Actually, before I get to the introduction, the list of commendations inside the first 3 pages of the book was worth a read.

A couple of names stick out.

Bill Hybels. I never cared much for Bill Hybels when I was a Christian, but the pastor of my old Fundamentalist cult back in Adelaide certainly treated his words like they were divinely inspired. Heck, I reckon my pastor could have read something in Charisma or Christianity Today that said 'Bill Hybels promotes kicking dogs down the street in the name of Jesus' and he would have been on board simply because it has Bill Hybels' name attached to it.

And Ravi Zacharias. One incredibly slick Jesus salesman, who has no problem name-dropping atheist scholars when it helps make his point, but who I have rarely heard ever make a cogent point or admit defeat. He just goes on...and on...and on...and on...and on...



OK, on to the book proper.

Strobel begins his book under the heading Reopening The Investigation Of A Lifetime, where he recounts his time as a journalist where an innocent man plea-bargained guilty to a cop shooting in order to get a reduced sentence, instead of rolling the dice and facing a trial where he risked a 20-year sentence. It turns out the cop had an illegal firearm in his pocket and accidentally shot himself.

This, I actually have no problem with. Unfortunately, our justice system is replete with humans, humans make mistakes, so we need sound and valid methods in order to remove human bias and the chance for false convictions, or even the scope for false confessions. So far so good.

I would actually use this as an anti-spiritual argument. How many people have been found guilty of a crime thanks to evidence given by either a psychic, medium, prophet, preacher, or other person who claims to be able to gain information supernaturally, and that person gained the information that led to a guilty conviction by supernatural means?
Zero, that I know of. I am more than happy to be corrected.

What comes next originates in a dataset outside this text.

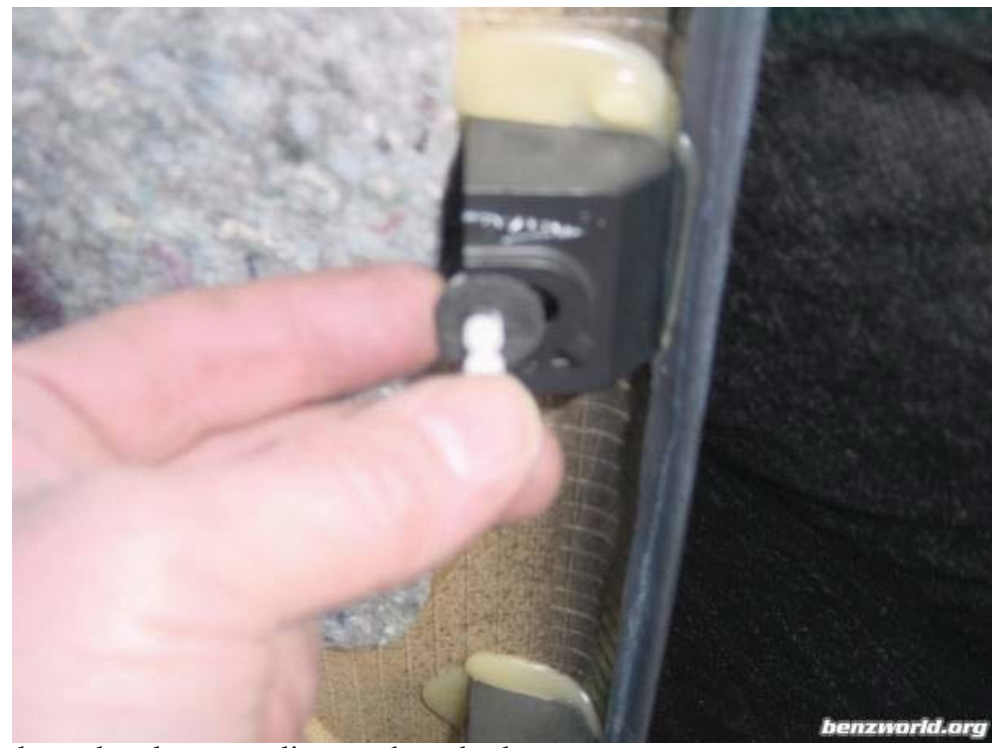
..put the lining back, and replace any clips you have broken.

It takes humans giving information, or humans finding information, and then telling other humans, in order for justice to be served.

Under his next heading, From Dixon To Jesus, Strobel makes a couple of claims.

1. He claims that he was an atheist because he simply couldn't believe the outrageous claims about Jesus being made.
2. He claims he had a strong motivation to ignore the pro-Jesus arguments, namely giving up a self-serving and immoral lifestyle.

My responses:

1. Just because atheism is the most rational position to take when it comes to deciding and evaluating supernatural claims does not mean that someone is an atheist because they rationally decided and evaluated supernatural claims.
Anyone can be an atheist for whatever reason they decide, just like anyone can be a Christian or a Muslim or a Scientologist for whatever reason they decide. It does not mean that they have rationally evaluated the claims, just like Lee Strobel hadn't. He had heard them and read them, but from what I read, he hadn't rationally evaluated them.

2. This is a rewording and reapplication of the old "You reject Jesus because you want to sin!" argument.
Actually, I think humans, without God, can and have come up with better morality systems than Christianity has. And furthermore, if you want to a see a society that was completely ruled by Christians looks like and how moral it was, societies who adhered strongly to scripture, in a lot of cases took it literally, and lived and died by the word of God, then I need only show you two examples:
Salem, Massachusetts of 1692, and the Confederate States of America.
These were two societies run by Bible-believing Fundamentalist Christians, but in which human rights were trampled underfoot left, right and centre. Confessions under torture, the slave trade, summary executions.
So Mr. Strobel, or any other Christian who is reading this, please tell me how the more Christian a society is, the more moral it is?


Under a heading titled Judging For Yourself, Strobel challenges the reader to read his journey of how he went from atheist to Christian. I haven't begun reading the subsequent chapters, but I'm going to guess that Strobel hadn't spoken to any atheists, rationalists or skeptics, but instead spoke to Christian scholar after Christian scholar - people who are professionally bound to upholding the Jesus line, be they clergy, theologians, professors at Christian universities.

I take some offence when I read this heading, because it implies that I wasn't being honest and rational when I decided that there was no god.
When I decided to dump my faith and let the evidence for my old faith come to me, I didn't go out seeking scholars, reading Christian books or watching Christian YouTube channels, because I already knew their arguments. I knew their scripture, I knew of the claims to historicity, I knew the science they promoted, so what I wanted to do what see if the atheist side of the equation had a better argument - and it turned out they did, so I apportioned my belief in concordance with the evidence.